Prepare to enter the wild and wooly world of an adult with Aspergers Syndrome, a form of autism characterized by intellignce, quirks, social difficulties and downright strange and oddish behaviours.

People with Aspergers generally are high functioning in everyday life but have great difficulty connecting with others due to the inability to read faces, body language and subtle verbal clues. They also tend to take words literally and have a hard time multi-tasking.

Oversensitivity to touch (clothing has to be soft and often the tags removed), light (do not leave home without the sunglasses), sound (loud noises and noisey places are avoided), taste (many Aspies have quite a limited diet and are frequently very picky eaters) and smells makes the everyday existence more of a challenge.
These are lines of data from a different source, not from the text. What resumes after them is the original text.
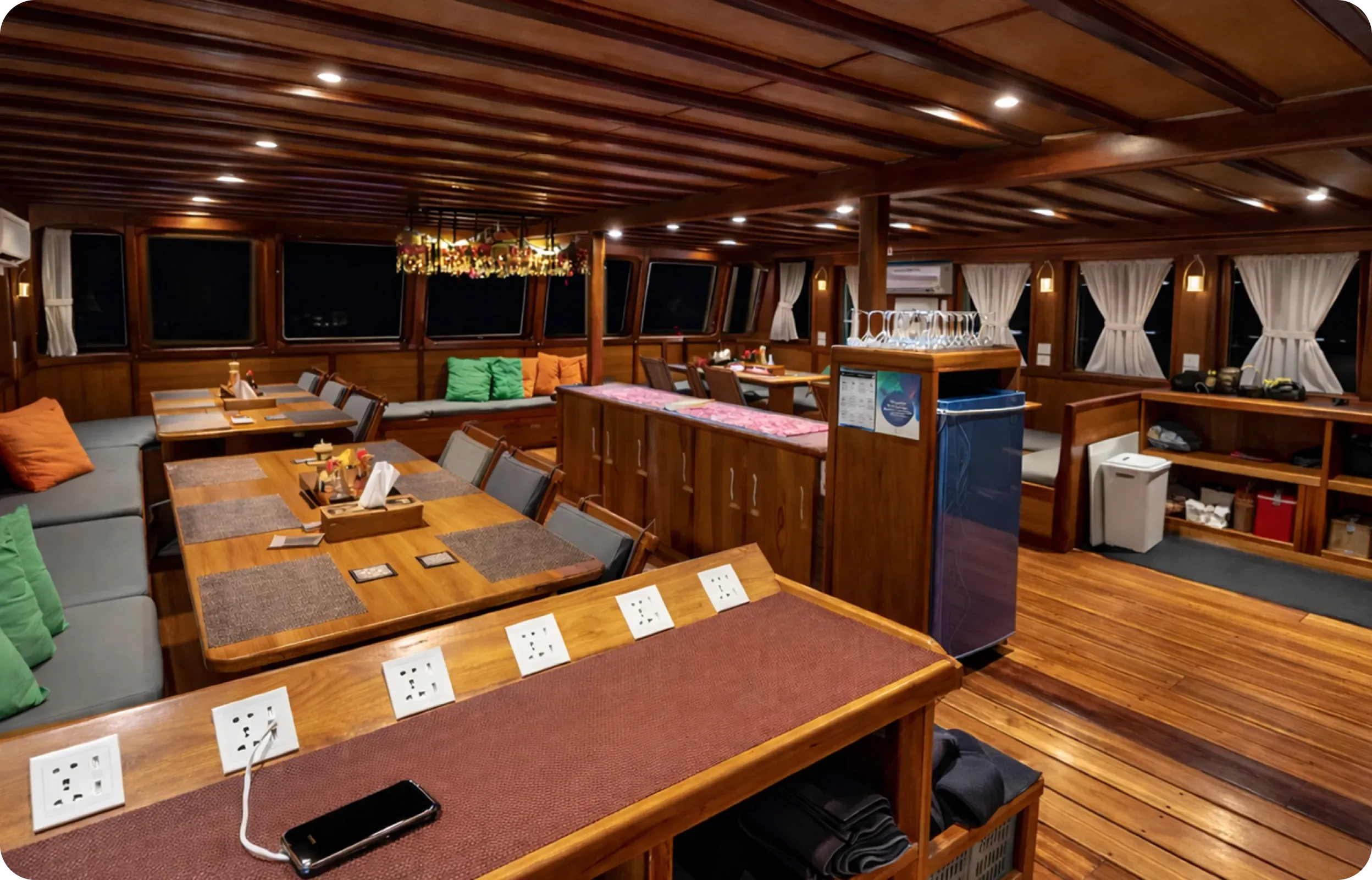 Pensés pour les temps calmes comme pour les moments de partage, les espaces communs permettent de se retrouver, d’échanger après les plongées et de profiter pleinement de la navigation dans une atmosphère conviviale. Le salon climatisé apporte un vrai confort tout au long de la croisière.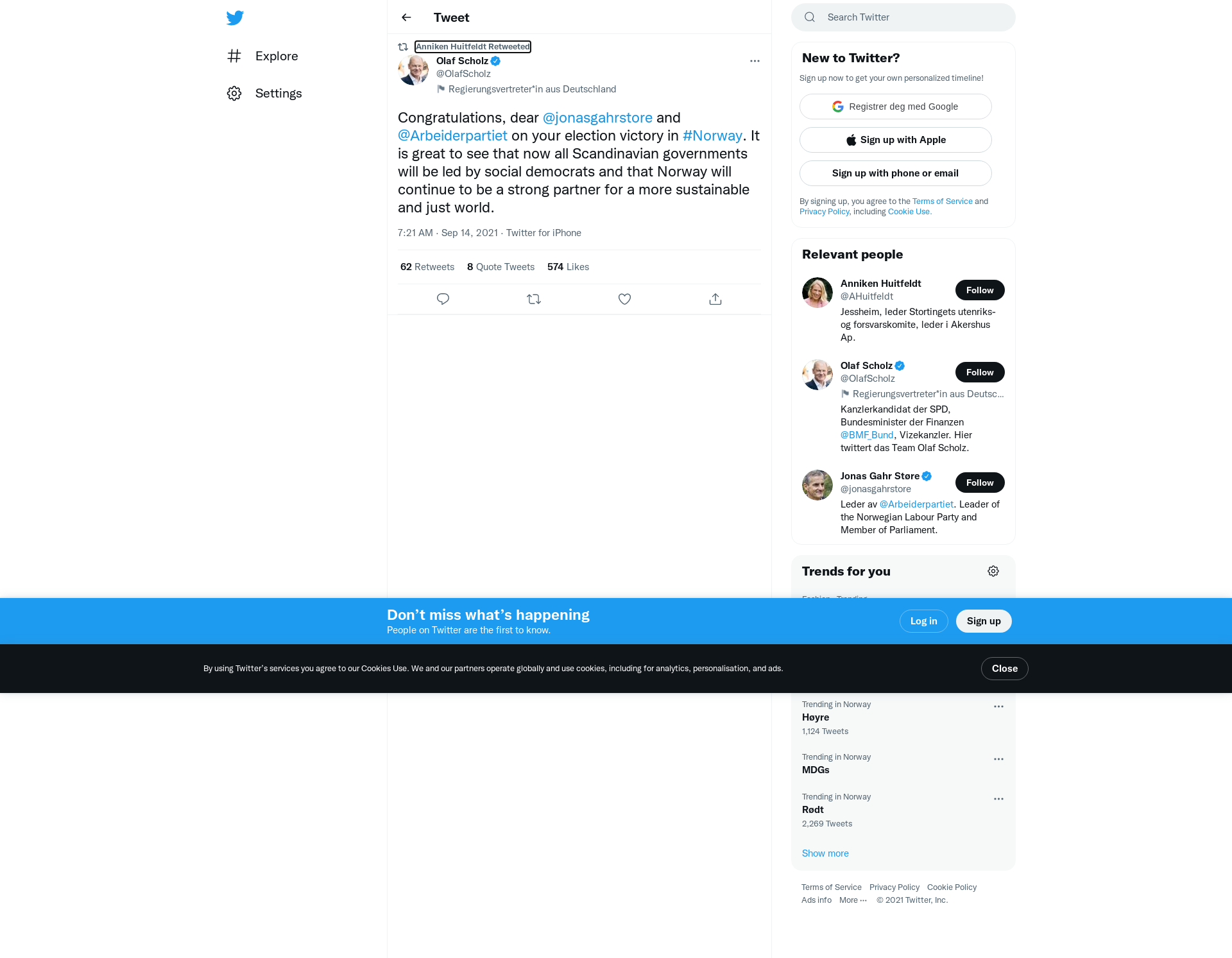 RT @OlafScholz: Congratulations, dear @jonasgahrstore and @Arbeiderpartiet on your election victory in #Norway. It is great to see that now all Scandinavian governments will be led by social democrats and that Norway will continue to be a strong partner for a more sustainable and just world.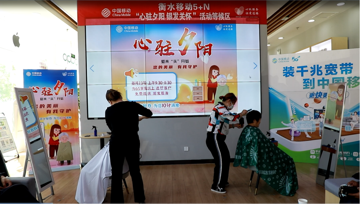 為了讓更多的客戶接收到服務信息,活動前一周,衡水移動制作宣傳小視頻,通過抖音、視頻號、客戶群、微信公眾號等方式,進行線上宣傳預熱;同時在營業廳醒目位置擺放銀發義剪活動海報,并對進廳客戶100%口頭告知服務內容。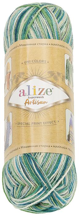 Priadza – materiál vlna, návin 420 m, pro velikost jehlic 2 mm a háčků 1 mm, modrá a zelená barva Ponožková příze s návinem 420 m Vlnika Artisan je vyrobena z vlny. Klubko o hmotnosti 100 g se hodí na pletení s jehlicemi o doporučené velikosti 2–4 mm nebo s háčky o doporučené velikosti

Fasten your seatbelts and come on in...
To find out more about what Aspergers is..please check out my earliest blog entries

Sunday, July 10, 2022

I had to teach myself positive emotions

 

I Had To Teach Myself What “Good” Felt Like

I am unique and extremely bizarre. The way in which I was raised could be categorized as sick, twisted, sadistic, and perverted. My dad and grandmother taught me to be both their whore and whore to many other strangers and men.

In a way, it was to my emotional wellbeing that I never experienced happiness, excitement or joy because I felt my miserable existence was perfectly normal. I did not miss out on my childhood, rather, it was just a childhood with a different scale, an emotional measurement. I think most unabused people have a wide range of emotions from a 1 which is very bad, awful to 100 which is pure happiness and bliss. My scale simply measured bad, worse, awful or agony. It was a very small, narrow scale of emotions that I had to work with. In a nutshell, things that happened to be were on a scale of badness. If it wasn’t bad, I did not know how to categorize it. The only positive thing I can remember from my childhood is birthday cake. Birthday Cake was great!!

I felt no love, only handling and use and care not to cause me enough harm that I’d end up at the hospital or require medical care. I could be used but not handled too roughly. There was no love there.

When I moved to Oregon, I started going for walks in these big, beautiful and bountiful old growth forests lush with carpets of ferns under foot and trees wearing blankets of hanging moss. As I walked, I felt not bad. But I could describe it no further. So, I tried something. I started repeating “this is good”, “this is what good feels like”, “this is what not hurt feels like”, “I like how this feels; this feels good”. And I walked and walked and repeated these new and strange thoughts. I was pretty sure that what I was feeling was a positive emotion and I guessed that the feeling was “Good”. Before that, I didn’t really have first-hand knowledge of what Good felt like. I had to teach it to me. I discovered I could feel Good. And I let that feeling grow.

My emotional growth had been stunted, stomped on and eradicated to the point that I had only experience with negative physical feelings. Growing up there was no one feeding me love, care or kindness. It was a devoid, empty and flatline way to live but it was all I knew.

I’ve been expanding and growing. I’m becoming aware of the telltale signs that what I am doing or where I am “feels good”. I’ll notice a subtle or wide smile upon my face. I’ll notice a warmth in my heart and tears of wonder and happiness falling on my face. No one taught me this. There was no one demonstrating these emotions to me. I have had to teach myself what others innately know or have most likely experienced.

God, I know I am bizarre and my upbringing, my days have been filled with agony, torture, unbelievable perversion and crimes committed against me by those called family.

I’m 59 years old and I am just finding the words to explain an existence beyond outrageous.